链表中的指针

Question

I'm studying lists currently (trying to recreate them) and I came across a weird problem. Here's my struct:

struct listNode{
    listNode(int n, listNode* ne = NULL){
        value = n;
        next = ne;
    }
    int value;
    listNode* next;
};
listNode* head = NULL;

Now I made a function to add an element to the bottom:

void add(int n){
    if(head == NULL){
        head = new listNode(n);
        return;
    }
    listNode* n1 = head;
    while(n1 != NULL){ //Should be: while(n1->next != NULL){
        n1 = n1->next;
    }
    n1 = new listNode(n); //Should be: n1->next = new listNode(n);
}

But this isn't adding any element past the head. Now, I already figured out the solution (see comments above) my problem is that I do not understand why my first function didn't work.
I'll explain what I understood with a scheme:

The Beginning
HEAD = NULL;

I add 1
HEAD = [1, NULL];

I add 2
The while loop arrives at the last element (where "next" is NULL) and creates in it the new element
HEAD = [1, new listNode(2)];
Result
HEAD = [1, POINTER] [2, NULL];

Now, why n1 after the while loop isn't what I wan't it to be?

Answer 1

You can think of it this way: no matter what you used to do within the while loop, the condition of the while loop was such that the loop would only terminate once n1 became null . So, the value of n1 was guaranteed to be null after the loop.

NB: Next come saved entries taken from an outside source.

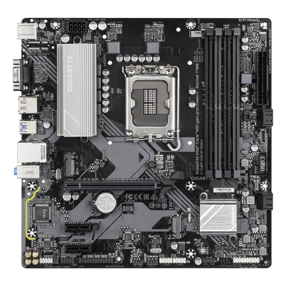 The GIGABYTE B760M D3HP DDR4 Motherboard delivers robust performance for Intel’s 14th Gen Core processors, featuring a 4+1+1 phase digital VRM design and support for DDR4 memory up to 5333MHz (OC). This micro ATX board combines modern connectivity with reliable stability for both gaming and professional applications.
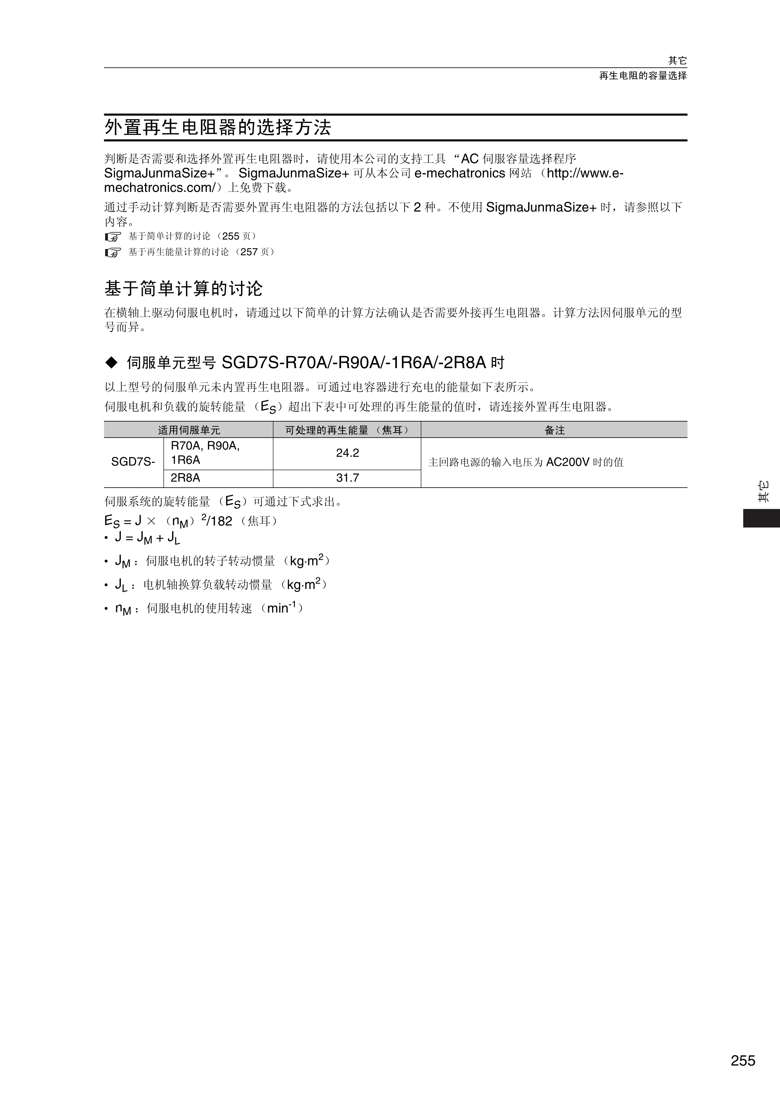 FX安川伺服电机 外置再生电阻器的选择方法,基于简单计算的讨论伺服单元型号
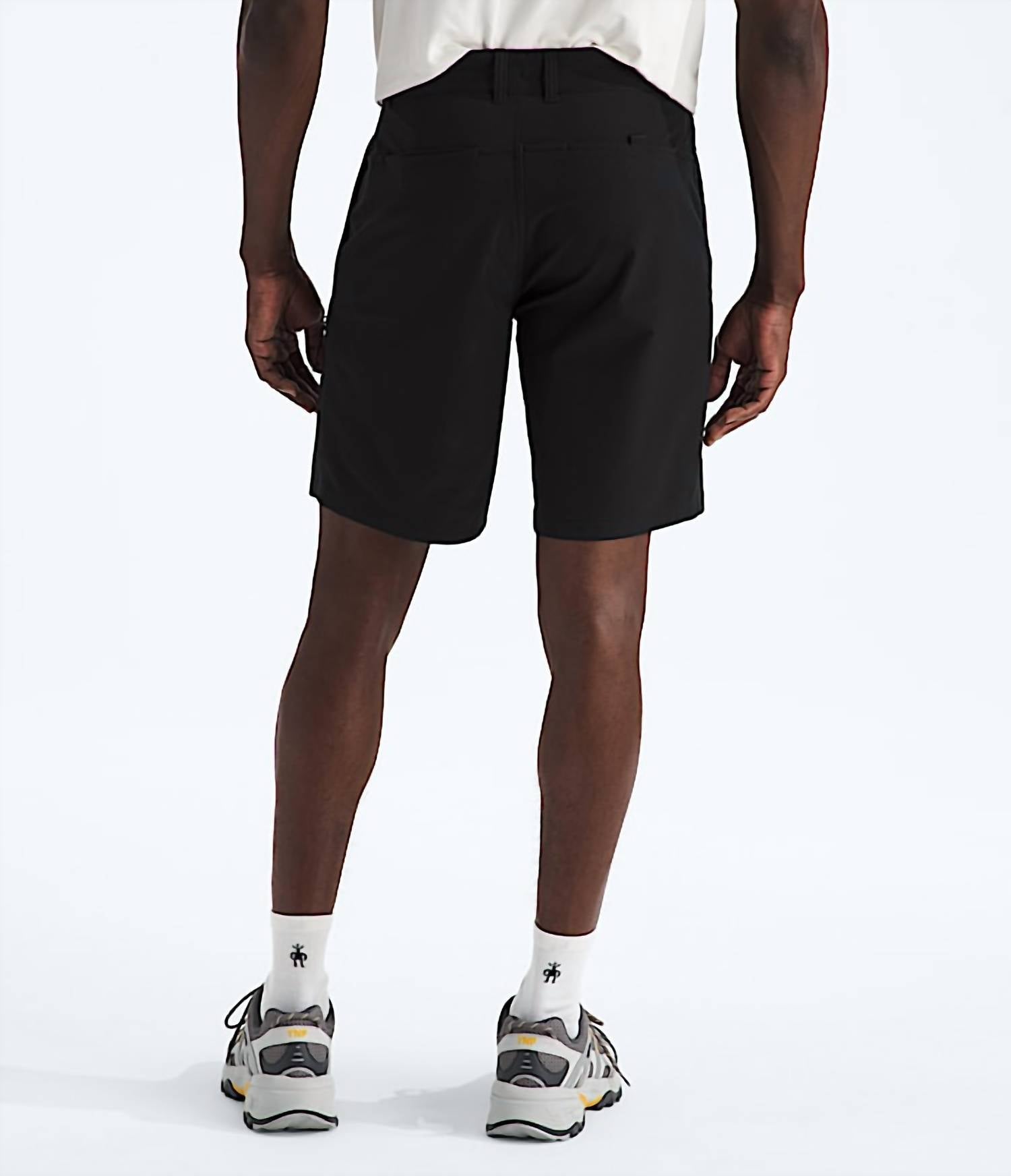 Meet the Rolling Sun Packable Short by The North Face, the ultimate travel companion for adventurous men. Crafted with 90% polyester and 10% elastane, these black solid shorts offer enhanced moisture-wicking and faster evaporation thanks to FlashDry™ technology and dobby fabric. With a zippered fly and button closure, these shorts provide both functionality and comfort, featuring an internal draw cord, two slash hand pockets, and two back pockets with hook-and-loop closures. Care for them is easy as they're machine washable, making them ideal for summer vacations.

However, the value of n1 after the while loop was irrelevant, because you were not using it after the while loop.

On the other hand, your last instruction was n1 = new listNode(n); so you were creating a new listNode, and assigning it to n1 , which you were then forever forgetting by leaving the function. (So, the new node was being leaked.)

Answer 2

Is is simple,

while(n1 != NULL){
    n1 = n1->next;
}

// n1 here is null
// head here is [1, NULL]

n1 = new listNode(n);

// n1 here is something
// head here is [1, NULL]

so unless you set the previous element's next pointer of the head to your new element, it won't work

Answer 3

The function does not work becuase n1 is a local variable of the function. Any changes of the variable do not influence on other nodes of the list.

You should change the original nodes of the list. The function can be written the following way

void add( int value )
{
    listNode **node = &head;

    while ( *node ) node = &( *node )->next;

    *node = new listNode( value );
}

In this case because variable node points to the actual fields of the list it indeed changes them.